The thickening agent used is sold by RHODIA under the name “RHODOPOL 23”, and it is mixed in the powdered state with the other constituents of this lubricating composition. The mixing is carried out at ambient temperature, owing to the fact that this thickening agent is soluble in water.

In the case of using a non-aqueous lubricating agent for the lubricating composition according to the invention (that is to say, a lubricating agent consisting of pure glycerine), it will be noted that this thickening agent must be mixed “in the hot state” with the other non-aqueous constituents, in order to dissolve it in glycerine. More precisely, the mixture must be stirred for approximately 15 min. at a temperature close to 70° C.

The surfactant used is sold by SIDOBRE SINNOVA under the name “SINNOZAN NS 30”.

Furthermore, this composition has a viscosity of 140,000 centipoise (measured by the “BROOKFIELD” technique by means of a “LV4” spindle rotating at a speed of 3 rpm).

A lubricating composition according to a second example of embodiment of the invention contains the same constituents as the first composition mentioned above, but its formulation is as follows:

(the mass fraction of each constituent in the composition is given in %).

		Glycerine	78.5%.
*Lubricating agent	{open oversize bracket}
		Water	19.6%.
*Thickening agent:		Polysaccharide (xanthan gum)	1.8%.
*Surfactant:		Sodium alkyl aryl sulphonate	0.1%.
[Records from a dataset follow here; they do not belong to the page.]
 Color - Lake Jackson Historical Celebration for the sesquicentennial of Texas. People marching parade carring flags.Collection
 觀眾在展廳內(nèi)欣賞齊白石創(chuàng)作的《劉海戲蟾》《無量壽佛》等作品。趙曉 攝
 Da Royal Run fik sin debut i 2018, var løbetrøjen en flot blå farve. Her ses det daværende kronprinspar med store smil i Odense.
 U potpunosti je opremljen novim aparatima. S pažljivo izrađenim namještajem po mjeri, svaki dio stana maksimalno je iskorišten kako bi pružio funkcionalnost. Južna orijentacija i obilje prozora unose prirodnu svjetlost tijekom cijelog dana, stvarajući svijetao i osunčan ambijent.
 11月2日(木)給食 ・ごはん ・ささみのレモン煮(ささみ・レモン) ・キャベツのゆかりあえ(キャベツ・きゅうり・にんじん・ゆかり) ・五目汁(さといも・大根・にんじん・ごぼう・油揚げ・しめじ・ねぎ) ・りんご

Furthermore, this composition has a viscosity of 110,000 centipoise (measured by the “BROOKFIELD” technique and the aforementioned apparatus).
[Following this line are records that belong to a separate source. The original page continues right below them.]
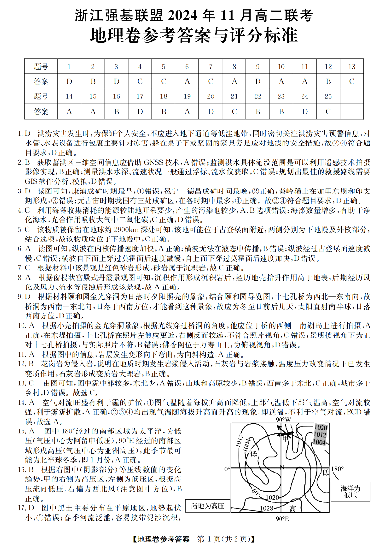 浙江强基联盟2024年11月高二第一学期期中联考 地理答案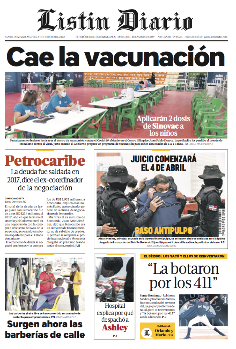 Listín Diario 08-02-2022 Facebook Twitter Whatsapp Comentarios Listín DiarioSanto Domingo 08/02/2022 04:00 | Actualizado a 08/02/2022 04:00 Listín Diario info@listindiario.com Tags relacionados Listin Diario Edición impresa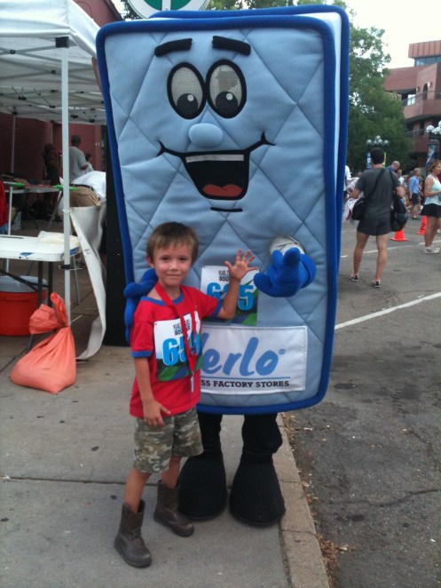 Right before the start of my race, which was to start just after the finish of the kid’s race, I saw a sad Sagan and flustered Alison at the registration table. Earlier, Sagan had dismissed our offer for him to run with the kids but, when he got to the race and saw all the kids finishing, he changed his mind. But, that race was just about over and, at any rate, too late for him to do. Alison saved the day, getting him and herself registered for the “friends and family” race, just before the race started. Since neither had planned to run a race, Al was in jeans and Sagan was wearing cowboy boots.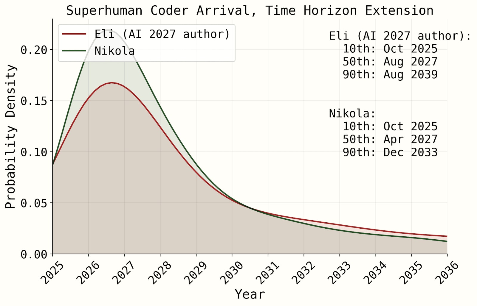 All model-based forecasts have 2027 as one of the most likely years, which is when an SC is achieved in the AI 2027 scenario. The code for our simulation is here.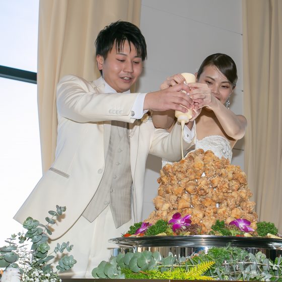【からあげタワー】です!!新郎が甘いものが得意ではなかったのと、ウエディングケーキ以外のものでゲストのみなさんを驚かせたいという思いから木村さんに相談して新婦の大好物のからあげをタワーにしよう!ということになりました。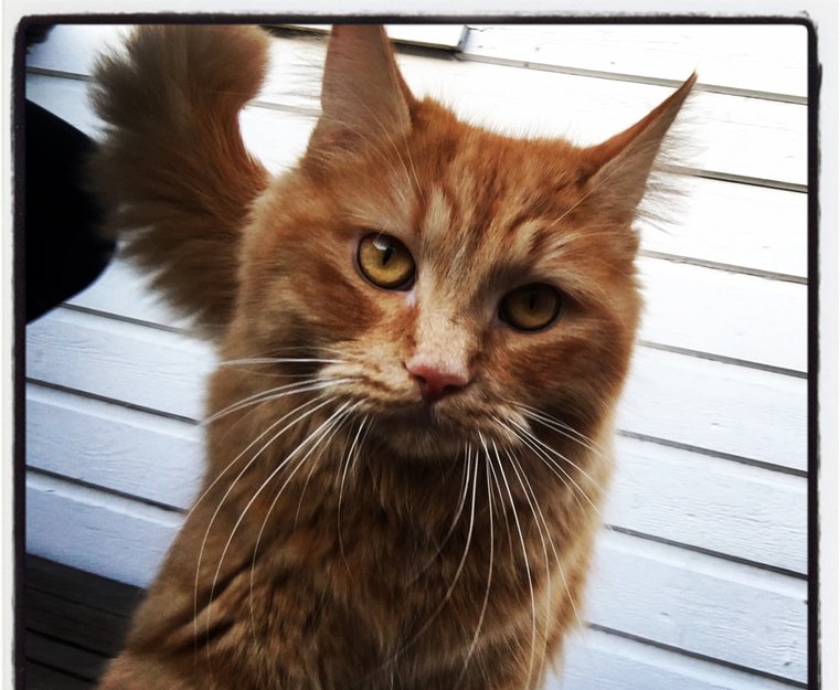 Snill og menneskekjær katt, som er dypt savnet! Han lyder navnet sitt, og maler høyt når han blir strøket med pelsen. Han har orange lett stripet pels, og er delvis langhåret.
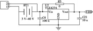 無線傳感器通常的工作電壓範圍為3.0V~3.6V。此次電源設計加入了TLFA274穩壓器(如圖2所示),可轉換3V~40V的電壓,比如通常使用的小型電池或者是汽車電池,給使用者帶來了很大的方便。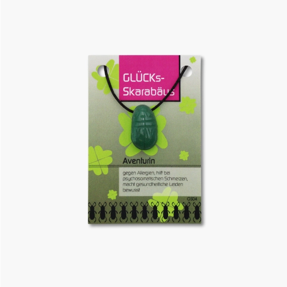 Der Skarabäus-Edelsteinanhänger aus Aventurin ist auf Band attraktiv auf einer detaillierten Beschreibungskarte in einer Zellophanverpackung drapiert. Die Größe einer Karte ist ca. 6 cm x 9 cm. Der Skarabäus ist circa 15 x 25mm groß.
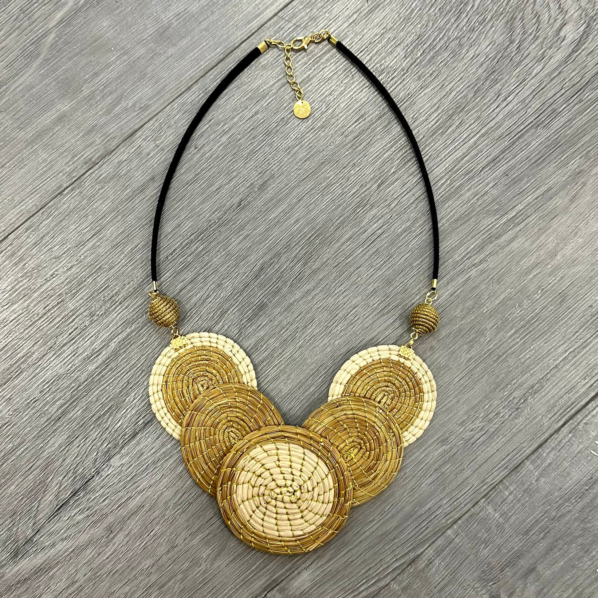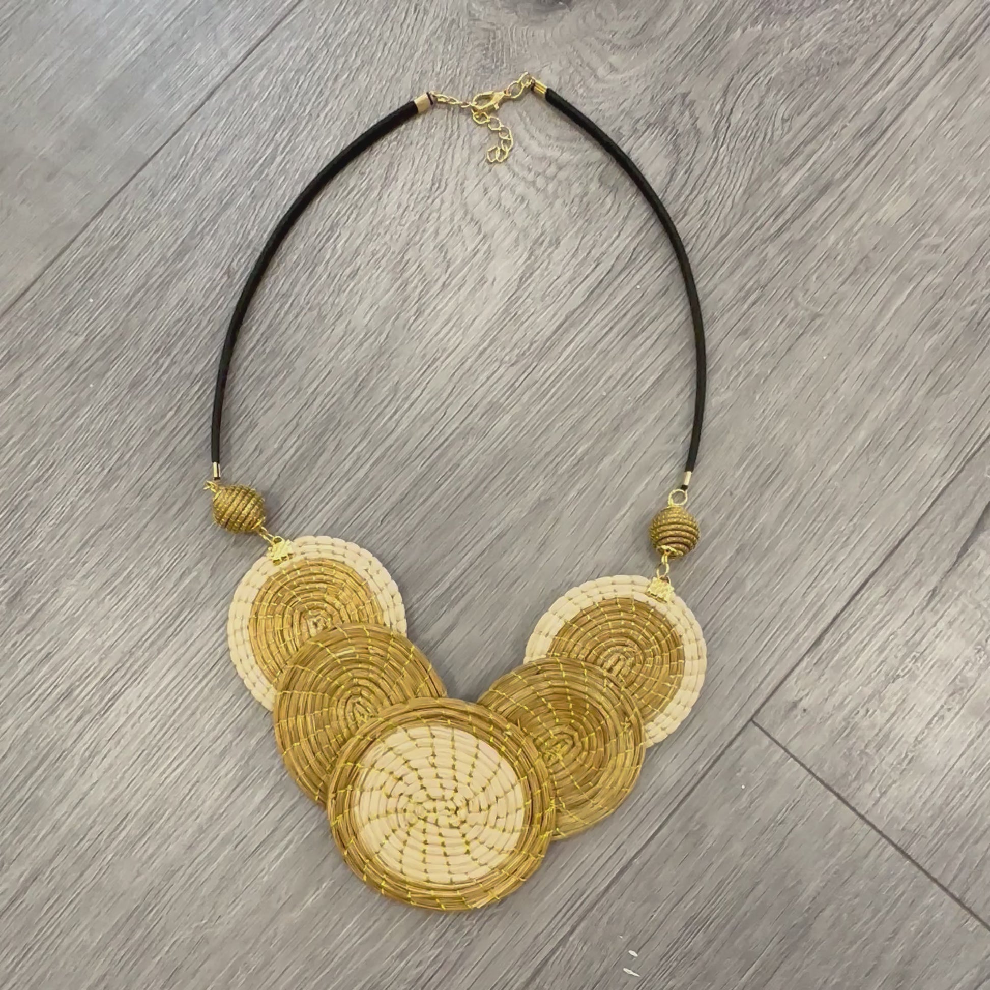 Collana artigianale, fatta a mano con Oro Vegetale, (Capim Dourado), una fibra vegetale la cui lavorazione e' tipica degli Indios brasiliani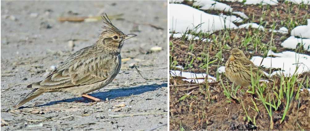 Рис. 8 (слева). Хохлатый жаворонок Galerida cristata . Микрорайон Литвинки. 26 февраля 2025. Фото В.А.Черкасова.

A lubricating composition which is not in accordance with the present invention has the following formulation:

(the mass fraction of each constituent in the composition is given in %).

		Ethylene glycol	87.6%.
*Lubricating agent:	{open oversize bracket}
		Water	9.8%.
*Thickening agent:		Polysaccharide (xanthan gum)	2.5%.
*Surfactant:		Sodium alkyl aryl sulphonate	0.1%.

The thickening agent and the surfactant of this composition are the same as those mentioned above.

Furthermore, this latter composition which is not in accordance with the invention has a viscosity of 110,000 centipoise (measured as previously).

Three identical tires (of dimensions 205-650 R 440) were provided with 60 g of said first composition according to the invention, 60 g of said second composition according to the invention and 60 g of said composition which is not in accordance with the invention, respectively. More precisely, each of the three lubricating compositions was applied to a median zone of the inner face of the corresponding tire, which zone has substantially as its plane of symmetry the equatorial plane of the tire.

Then these three tires, respectively provided with the aforementioned lubricating compositions were mounted on identical rims, each having the same elastomeric safety support mounted on the rim beforehand.

More precisely, the characteristic dimensions of each mounted assembly thus obtained, intended for fitting on an automobile sold under the name “PEUGEOT 806” are, in mm, 205-650-440 (respectively width of tire-diameter of tire-diameter of rim).

For each rim, a rim such as the one shown in FIG. 2 was used (this rim is also described in detail in French patent specification FR-A-2 720 977).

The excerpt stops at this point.